Comparative example 1
Compared with the example 1, the preheating temperature of the raw material gas is changed to 400 ℃ under the same other conditions.
Because the preheating temperature of the raw material gas is too low, the temperature in the catalytic reaction furnace cannot reach the high temperature condition, the outlet temperature of the reaction gas is only 667 ℃, and the CH temperature is4Conversion was only 13.75%, H2The S conversion was only 13.77%; CS with a purity of 99.5 wt.% is obtained254.94kmol/H H with a purity of 99.99%2 4,928Nm3/h。
Comparative example 2
The reaction pressure was changed to 3MPa in the same manner as in example 1.
The outlet temperature of the reaction gas is 814 ℃ after the raw material gas passes through the catalytic reaction furnace. Although the reaction is carried out at a high temperature, CH is generated due to an excessive reaction pressure4Conversion was only 14.25%, H2The S conversion was only 14.31%; CS with a purity of 99.5 wt.% is obtained256.96kmol/H H with a purity of 99.99%2 5,107Nm3/h。
Comparative example 3
The temperature of the absorbent feed was changed to-10 ℃ in the same manner as in example 3.
The absorption tower adopts low-temperature methanol as an absorbent, and the operating pressure of the absorption tower is still 3 MPa.
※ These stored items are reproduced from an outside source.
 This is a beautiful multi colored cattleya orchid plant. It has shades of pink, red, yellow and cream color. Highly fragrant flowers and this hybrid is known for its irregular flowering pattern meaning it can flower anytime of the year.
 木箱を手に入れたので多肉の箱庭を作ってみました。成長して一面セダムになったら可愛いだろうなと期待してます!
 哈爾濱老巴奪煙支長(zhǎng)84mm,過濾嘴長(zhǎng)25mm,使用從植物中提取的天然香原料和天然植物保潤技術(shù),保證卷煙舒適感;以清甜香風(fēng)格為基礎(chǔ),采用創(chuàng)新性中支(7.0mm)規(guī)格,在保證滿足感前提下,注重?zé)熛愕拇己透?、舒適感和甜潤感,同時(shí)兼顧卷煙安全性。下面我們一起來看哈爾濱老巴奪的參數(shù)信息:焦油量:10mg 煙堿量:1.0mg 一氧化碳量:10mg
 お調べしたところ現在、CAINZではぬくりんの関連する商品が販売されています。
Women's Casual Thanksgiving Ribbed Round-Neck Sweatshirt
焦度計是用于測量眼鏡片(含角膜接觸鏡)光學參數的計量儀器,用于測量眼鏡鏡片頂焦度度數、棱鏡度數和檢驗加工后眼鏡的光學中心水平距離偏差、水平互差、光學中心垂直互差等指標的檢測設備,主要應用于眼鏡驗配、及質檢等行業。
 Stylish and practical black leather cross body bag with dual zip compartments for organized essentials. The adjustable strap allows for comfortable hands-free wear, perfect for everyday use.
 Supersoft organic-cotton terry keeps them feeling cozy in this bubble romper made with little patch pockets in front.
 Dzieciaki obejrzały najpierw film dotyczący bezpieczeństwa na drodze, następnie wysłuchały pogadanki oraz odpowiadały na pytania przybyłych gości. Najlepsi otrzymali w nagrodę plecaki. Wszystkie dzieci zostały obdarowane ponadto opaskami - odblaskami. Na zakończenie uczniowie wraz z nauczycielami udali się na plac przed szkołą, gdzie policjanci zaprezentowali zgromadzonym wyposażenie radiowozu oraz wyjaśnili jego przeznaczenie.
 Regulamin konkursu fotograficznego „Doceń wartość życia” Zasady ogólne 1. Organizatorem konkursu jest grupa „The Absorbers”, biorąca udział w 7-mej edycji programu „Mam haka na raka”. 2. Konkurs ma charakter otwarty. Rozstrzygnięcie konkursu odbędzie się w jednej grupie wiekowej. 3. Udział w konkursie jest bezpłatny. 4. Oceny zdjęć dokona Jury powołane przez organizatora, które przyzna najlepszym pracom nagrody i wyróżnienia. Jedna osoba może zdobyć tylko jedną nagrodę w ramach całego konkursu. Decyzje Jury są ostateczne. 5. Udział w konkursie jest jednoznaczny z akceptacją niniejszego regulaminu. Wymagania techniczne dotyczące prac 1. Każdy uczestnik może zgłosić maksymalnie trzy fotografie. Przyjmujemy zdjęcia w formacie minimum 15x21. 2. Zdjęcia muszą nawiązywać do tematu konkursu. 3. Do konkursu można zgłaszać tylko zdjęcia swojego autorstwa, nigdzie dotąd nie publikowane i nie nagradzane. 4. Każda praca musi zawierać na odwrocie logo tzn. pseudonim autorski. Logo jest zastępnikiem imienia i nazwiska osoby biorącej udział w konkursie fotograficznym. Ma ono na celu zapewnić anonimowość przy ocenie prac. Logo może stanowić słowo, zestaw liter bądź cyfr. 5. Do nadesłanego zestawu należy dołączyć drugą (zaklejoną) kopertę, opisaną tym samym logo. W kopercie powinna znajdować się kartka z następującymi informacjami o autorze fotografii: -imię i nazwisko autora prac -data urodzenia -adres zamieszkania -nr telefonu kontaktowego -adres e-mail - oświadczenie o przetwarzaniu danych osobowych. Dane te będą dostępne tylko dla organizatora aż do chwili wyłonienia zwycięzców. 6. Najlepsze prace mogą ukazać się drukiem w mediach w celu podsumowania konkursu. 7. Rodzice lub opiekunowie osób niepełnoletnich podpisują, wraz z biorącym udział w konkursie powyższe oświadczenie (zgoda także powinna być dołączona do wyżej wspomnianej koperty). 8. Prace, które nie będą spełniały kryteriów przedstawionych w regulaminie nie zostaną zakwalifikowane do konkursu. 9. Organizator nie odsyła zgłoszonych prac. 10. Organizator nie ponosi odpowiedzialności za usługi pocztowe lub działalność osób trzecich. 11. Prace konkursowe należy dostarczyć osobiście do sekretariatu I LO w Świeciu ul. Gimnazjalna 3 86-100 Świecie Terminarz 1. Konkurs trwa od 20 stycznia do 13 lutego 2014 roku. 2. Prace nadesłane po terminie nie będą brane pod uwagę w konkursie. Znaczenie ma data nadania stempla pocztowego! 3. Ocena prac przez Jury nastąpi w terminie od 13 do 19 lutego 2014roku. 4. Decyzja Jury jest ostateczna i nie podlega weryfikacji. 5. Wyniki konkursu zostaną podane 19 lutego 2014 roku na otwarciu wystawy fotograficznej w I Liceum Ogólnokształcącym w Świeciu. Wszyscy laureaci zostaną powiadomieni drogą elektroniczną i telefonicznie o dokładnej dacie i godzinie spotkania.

Because the temperature of the absorption liquid is higher, the consumption of the required absorption liquid is greatly increased from original 1124.83kmol/H to 1991.78kmol/H, and the gas-liquid ratio of the absorption tower is reduced to 1.53mol of acid gas (H)2S: 42.19 wt.%)/mol low temperature methanol.
Comparative example 4
Compared with the example 3, the other conditions are the same, and the operating pressure of the absorption tower is changed to be 1 MPa.
The absorption tower adopts low-temperature methanol as an absorbent, and the feeding temperature of the absorption tower is still-40 ℃. The required absorption liquid dosage is greatly increased from original 1124.83kmol/H to 2257.30kmol/H, and the gas-liquid ratio of the absorption tower is reduced to 1.36mol of acid gas (H)2S: 42.19 wt.%)/mol low temperature methanol.
The foregoing is merely a preferred embodiment of the invention and is not intended to limit the scope of the invention, which is defined by the claims appended hereto, and any other technical entity or method that is encompassed by the claims as broadly defined herein, or equivalent variations thereof, is contemplated as being encompassed by the claims.

Claims (10)

1. A method for producing hydrogen by reforming methane and hydrogen sulfide, which is characterized by comprising the following steps:
(1) making the temperature of 600-4And H2Carrying out catalytic reaction on the raw material gas of S to obtain a reaction gas I;
(2) separating the reaction gas I to obtain sulfur and reaction gas II;
(3) the reaction gas II is subjected to flash evaporation to obtain crude CS2Liquid and reaction gas III;
(4) rectifying the crude CS2Obtaining liquid CS with the mass fraction of not less than 99.5 percent from the liquid2(ii) a Contacting the reaction gas III with an absorption liquid to obtain hydrogen-rich gas and an absorption liquid;
(5) separating the hydrogen-rich gas to obtain hydrogen with the volume fraction of more than 99.99 percent and the desorbed gas.
2. The method of claim 1, wherein the feed gas in step (1) is H2S and CH4Is 1.0 to 5.0, preferably 2.0 to 3.0.
3. The process according to claim 1, wherein the catalytic reaction temperature in step (1) is 800-.
4. The process as claimed in claim 1, wherein in step (3), the reaction gas II is subjected to a secondary flash evaporation.
5. The method according to claim 1, wherein the absorbing solution in the step (4) is one or more selected from the group consisting of: low temperature methanol, ethanolamine, diethanolamine and N-methyldiethanolamine, low temperature methanol being preferred.
6. The process according to claim 1, wherein the molar ratio of the reaction gas III to the absorption liquid in step (4) is 2.18 or more.
7. The method of claim 1, wherein the temperature of the absorption liquid in step (4) is in the range of-20 to-60 ℃.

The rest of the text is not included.